The holodeck problem

The holodeck problem is closely related to wireheading. While wireheading directly stimulates a reward center, the holodeck problem occurs when an agent manipulates its own senses so that it observes a specific high value scenario that isn’t actually happening.

Imagine living in a holodeck in Star Trek. You can have any kind of life you want; you could be emperor. You get all of the sights, smells, sounds, and feels of achieving all of your goals. The problem is that the observations you’re making don’t correlate highly with the rest of the world. You may observe that you’re the savior of the human race, but no actual humans have been saved.

Real agents don’t have direct access to the state of the world. They don’t just “know” where they are, or how much money they have, or whether there is food in their fridge. Real agents have to infer these things from observations, and their observations aren’t 100% reliable.

In a decision agent sense, the holodeck problem corresponds to the agent manipulating its own perceptions. Perhaps the agent has a vision system, and it puts a picture of a pile of gold in front of the camera. Or perhaps it just rewrites the camera driver, so that the pixel arrays returned show what the agent wants.

If you intend on making a highly capable agent, you want to be able to ensure that it won’t take these actions.

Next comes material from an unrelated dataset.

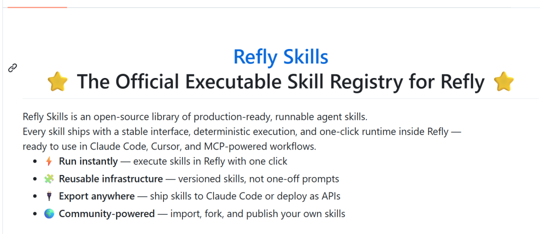 核心定位: Refly Skills是一套开源的工作流创建工具集,允许用户在Claude Code或OpenClaw等第三方开发环境中直接调用Refly平台的工作流生成能力,而无需登录Refly网页平台。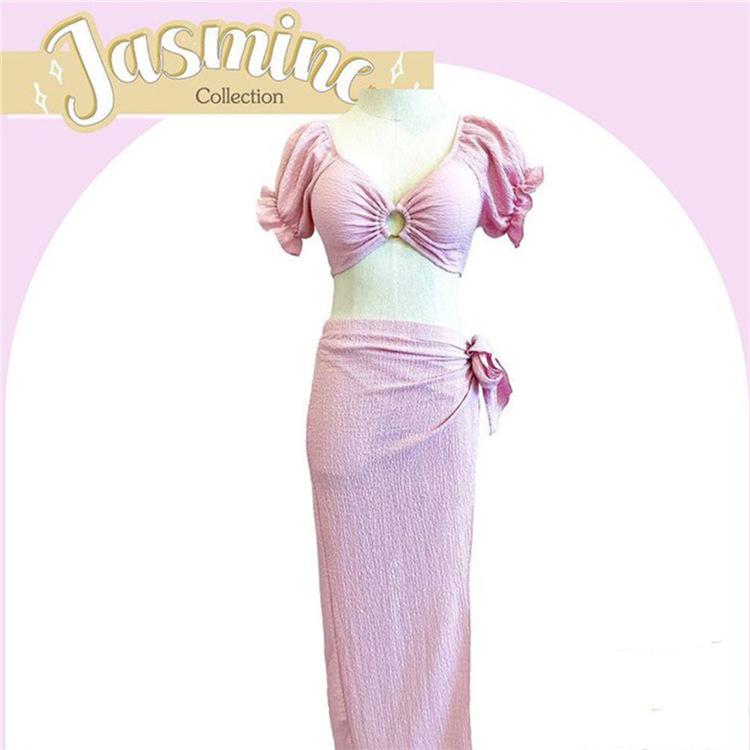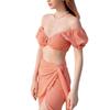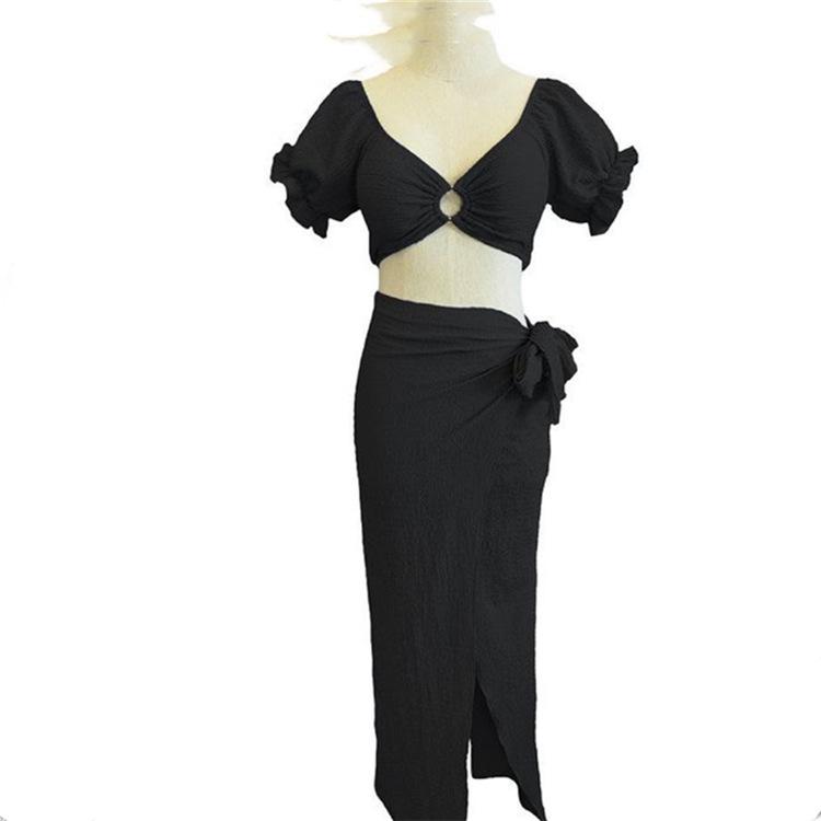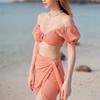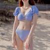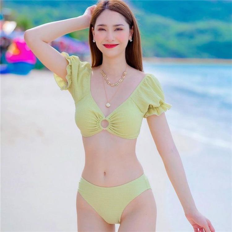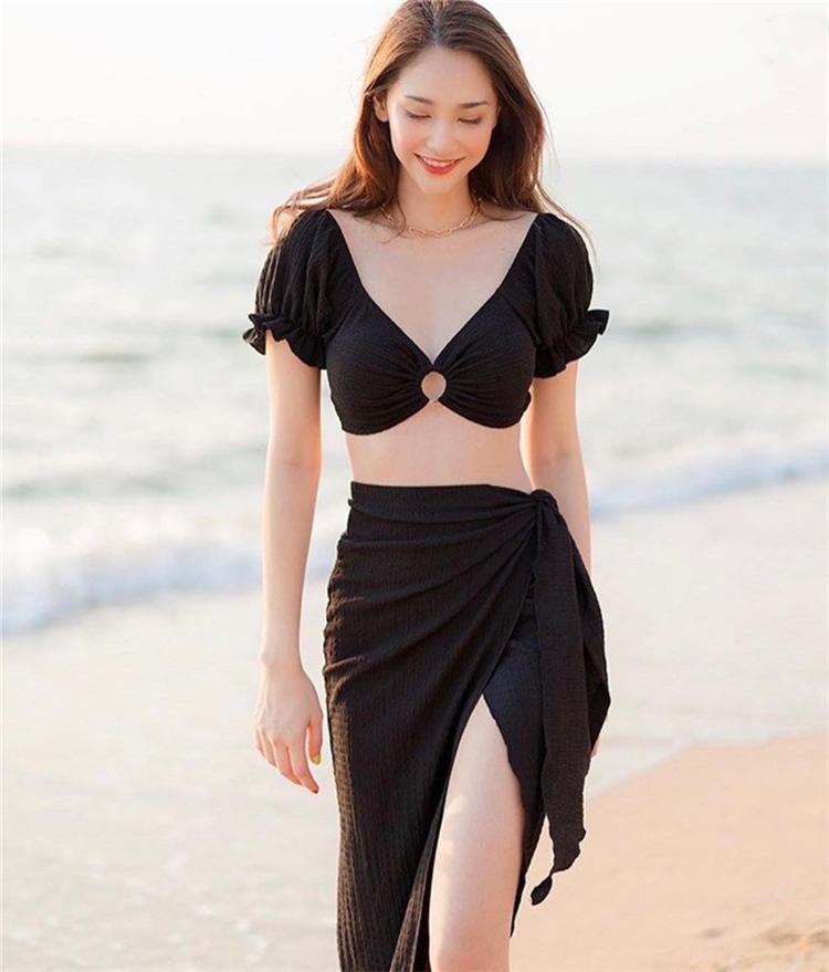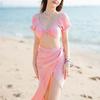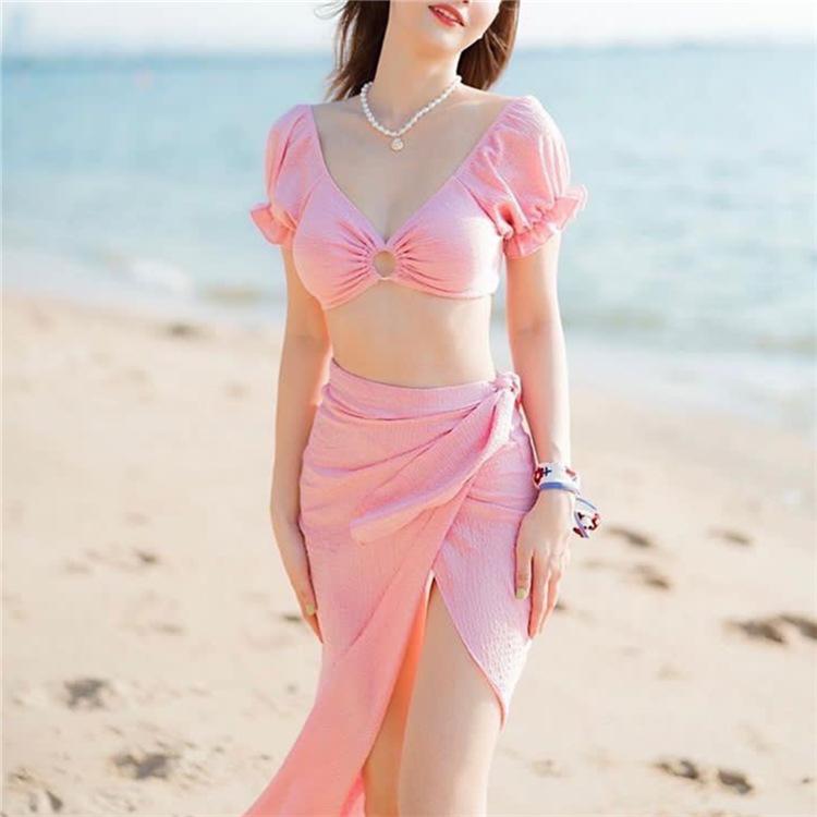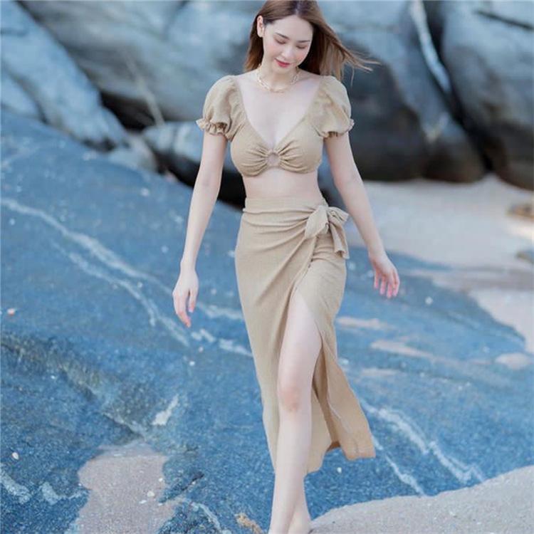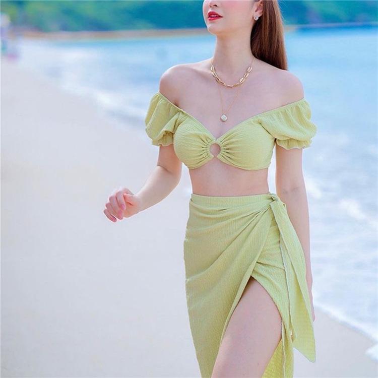 Traje de baño bikini de tres piezas con espalda hermosa para mujer, sexy, para playa, venta al por mayor, vacaciones junto al mar, estilo ins

Decision Theoretic Observation Hacking

A decision theoretic agent attempts to select actions that maximize its utility based on what effect they expect those actions to have. They are evaluating the equation p(state-s, a -> o; x)U(o) for all the various actions (a) that they can take.

As usual, U(o) is the utility that the agent ascribes to outcome o. The agent models how likely outcome o is to happen based on how it thinks the world is arranged right now (state-s), what actions are available to it (a), and its observations of the world in the past (x).

The holodeck problem occurs if the agent is able to take actions (a) that manipulate its future observations (x). Doing so changes the agent’s future model of the world.

Unlike the wireheading problem, an agent that is hacking its observational system still values the right things. The problem is that it doesn’t understand that the changes it is making are not impacting the actual reward you want the agent to optimize for.

We don’t want to “prevent” an agent from living in a holodeck. We want an agent that understands that living in a holodeck doesn’t accomplish its goals. This means that we need to represent the correlation of its sense perceptions with reality as a part of the agent’s world-model M.

The part of the agent’s world-model that represents its own perceptual-system can be used to produce an estimate of the perceptual system’s accuracy. Perhaps it would produce some probability P(x|o), the probability of the observations given that you know the outcome holds. We would then want to keep P(x|o) “peak-y” in some sense. If the agent gets a different outcome, but its observations are exactly the same, then its observations are broken.

We don’t need to have the agent explicitly care about protecting its perception system. Assuming the model of the perception system is accurate, and agent that is planning future actions (by recursing on its decision procedure) would predict that entering a holodeck would cause the P(x|o) to become almost uniform. This would lower the probability that it ascribes to high value outcomes, and thus be a thing to avoid.

The agent could be designed such that it is modeling observations that it might make, and then predicting outcomes based on observations. In this case, we’d build p(state-s, a -> o; x) such that prediction of the world-model M^{a\rightharpoonup} are predictions over observations x. We can then calculate the probability of an outcome o given an observation x using Bayes’ Theorem:

P(o|x) = \frac{P(x|o)P(o)}{P(x)}.

In this case, the more correlated an agent believes its sensors to be, the more it will output high probabilities for some outcome.

Potential issues with this solution

Solving the holodeck problem in this way requires some changes to how agents are often represented.

1. The agent’s world-model must include the function of its own sensors.
2. The agent’s predictions of the world should predict sense-perceptions, not outcomes.
3. On this model, outcomes may still be worth living out in a holodeck if they are high enough value to make up for the low probability that they have of existing.

In order to represent the probability of observations given an outcome, the agent needs to know how its sensors work. It needs to be able to model changes to the sensors, the environment, and it’s own interpretation of the sense data and generate P(o|x) from all of this.

It’s not yet clear to me what all of the ramifications of having the agent’s model predict observations instead of outcomes is. That’s definitely something that also needs to be explored more.

It is troubling that this model doesn’t prevent an agent from entering a holodeck if the holodeck offers observations that are in some sense good enough to outweigh the loss in predictive utility of the observations. This is also something that needs to be explored.